Indeed, this misses the following:
Our fractal nature in our fundamentally exploitative economic system: when we render some part of the other inoperable by extenuating them or getting rid of them, as well as when competition on our own turf becomes painful, some of us and part of ourselves individually become 'the other', because, for exploitation, something's got to give;
In order to get rid of the other (or apply another form of "sundering", as per the RRE vocabulary: see white paper https://zenodo.org/records/10633773) we must first establish the norms and regulations that do this, norms which will, as is or in a mirrored, possibly worse form, apply to the self, too, immediately as they are created. This manifests itself in the form of risk and damage for the self;
The boundaries between categories are quite slippery in that regard, meaning that one wakes up one day in another category than the one that one had identified with up to that moment, not knowing how that switch happened;
Progress in sundering activities changes the structures and dynamics in the human system and falsifies assumptions with which strategies were built, in ways that to substantial extent may not be salvaged through agility;
The above are merely some examples of mechanisms involved in risk recursion, whereby risk and damage that we transfer onto others don't stay there: they keep propagating and thereby changing in character. It is difficult to explain this without making it sound like a threat (which it is not) and I am aware of the risk of misunderstanding here. Risk recursion is merely what happens with ambient dynamics, without any added specific volition to any specific affirmation. Risk recursion is why those getting rid of "the other" cannot expect to remain unharmed. The caveat being that this can only be remediated in a coordinated manner, which in some cases raises the game theory issue of 'but if we don't then they will', which would be solved if all understood risk recursion. Remediating for this makes sense 'because if we don't we lose'.
Not only do our risks accrue and does our potential fall due to the above items, but also due to the overall evolution of processes, augmented by the incompleteness of our knowledge, which leads us to misidentify our problems and make the wrong decisions, thus causing ourselves more risk and damage than strictly necessary. This accrual is the "risk arrow".
Therefore, to maximize (positive) human potential, what humanity has always needed and still needs is a permanent process that is independent from specific technologies, to support decisions, strategically planning and coordinating each step so as to maintain human functions at all levels. A necessarily "systemic" or "holistic" approach. This is what the Resilience-to-Robustness Equilibrium (see RRE white paper https://zenodo.org/records/10633773) process does. The Oval model of the economy therein depicts these functions.

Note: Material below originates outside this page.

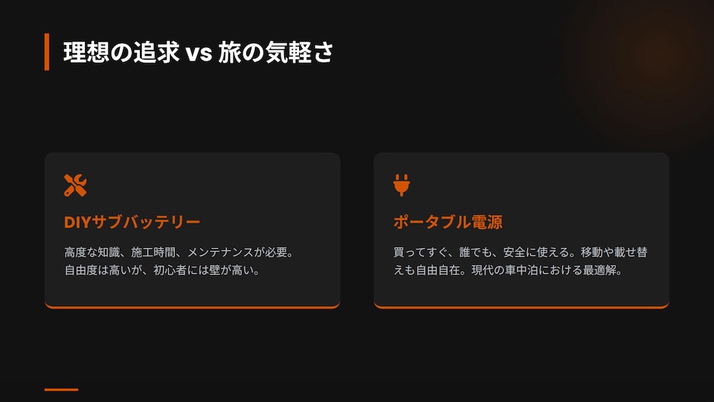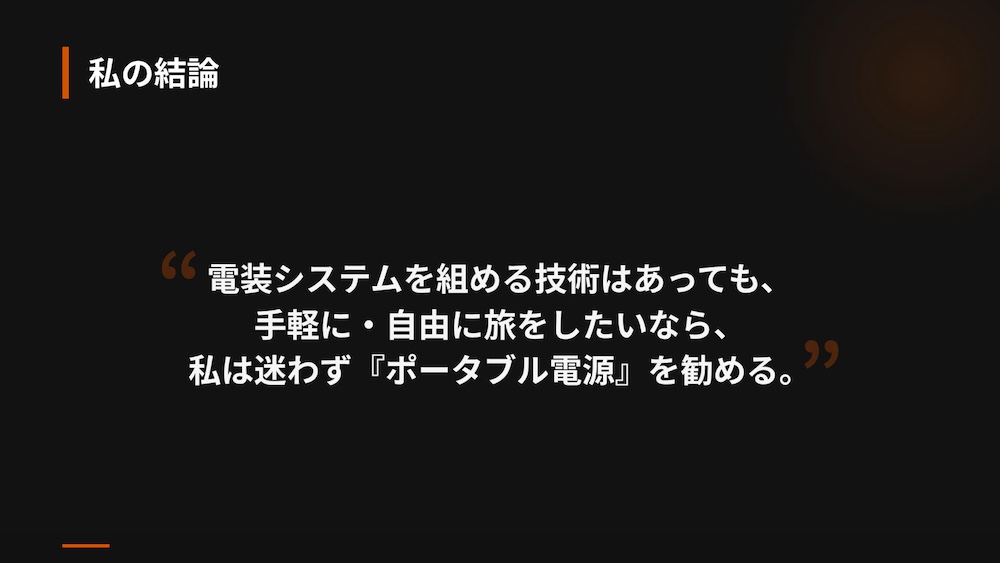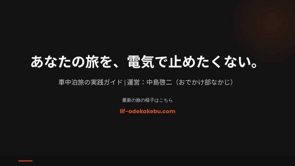 その答えはシンプルです。「旅の目的は、電気の管理ではなく、旅そのものを楽しむことだから」です。

WE ARE UNKNOWINGLY AMPLIFYING OUR OWN RISK AND DAMAGE
The above being unbeknownst to folks, one part of humanity is meticulously and patiently excluding another from all exchange; works toward replacing its dependency on a third by transferring that dependency minimally onto a fourth, presumed more clement, part, hinting at a better future for them; transfer following which the first is likely to also exclude the third from all exchange; leading the second and the third into the status of the fourth; and an automation fantasy would allow to the exclusion of the fourth, too, exclusion which in the decided extent would become terminal. These may sound sarcastic but they are just a description of considerations that someone somewhere is bound to be juggling with, in a humanity at the crossroads. I'm afraid humanity has already set the blinkers, signalling its intended turn.
The exclusion is done through siege: the world is denied to the target. This is done not only within a region, but sieved throughout all regions, and concerns internal targets, within one's own social support circle, in addition to external targets.
Internally, inequalities and issues of access to qualitatively and quantitatively satisfactory food, shelter/"home"/space/privacy/security/protection from noise, utilities, devices, medical treatment, administration, organisational load adequacy, services and justice arise. For instance, funding for energy efficiency projects that explicitly excludes the consideration of (non-end-consumer) rebound boils down to the empoverishment of the general population as a means to reduce consumption (and not necessarily of corporations, which tend to amply make up for any frugality of the empoverished). This, for some, makes less of a difference than for others, thus boosts disparities in opportunity and in outcome.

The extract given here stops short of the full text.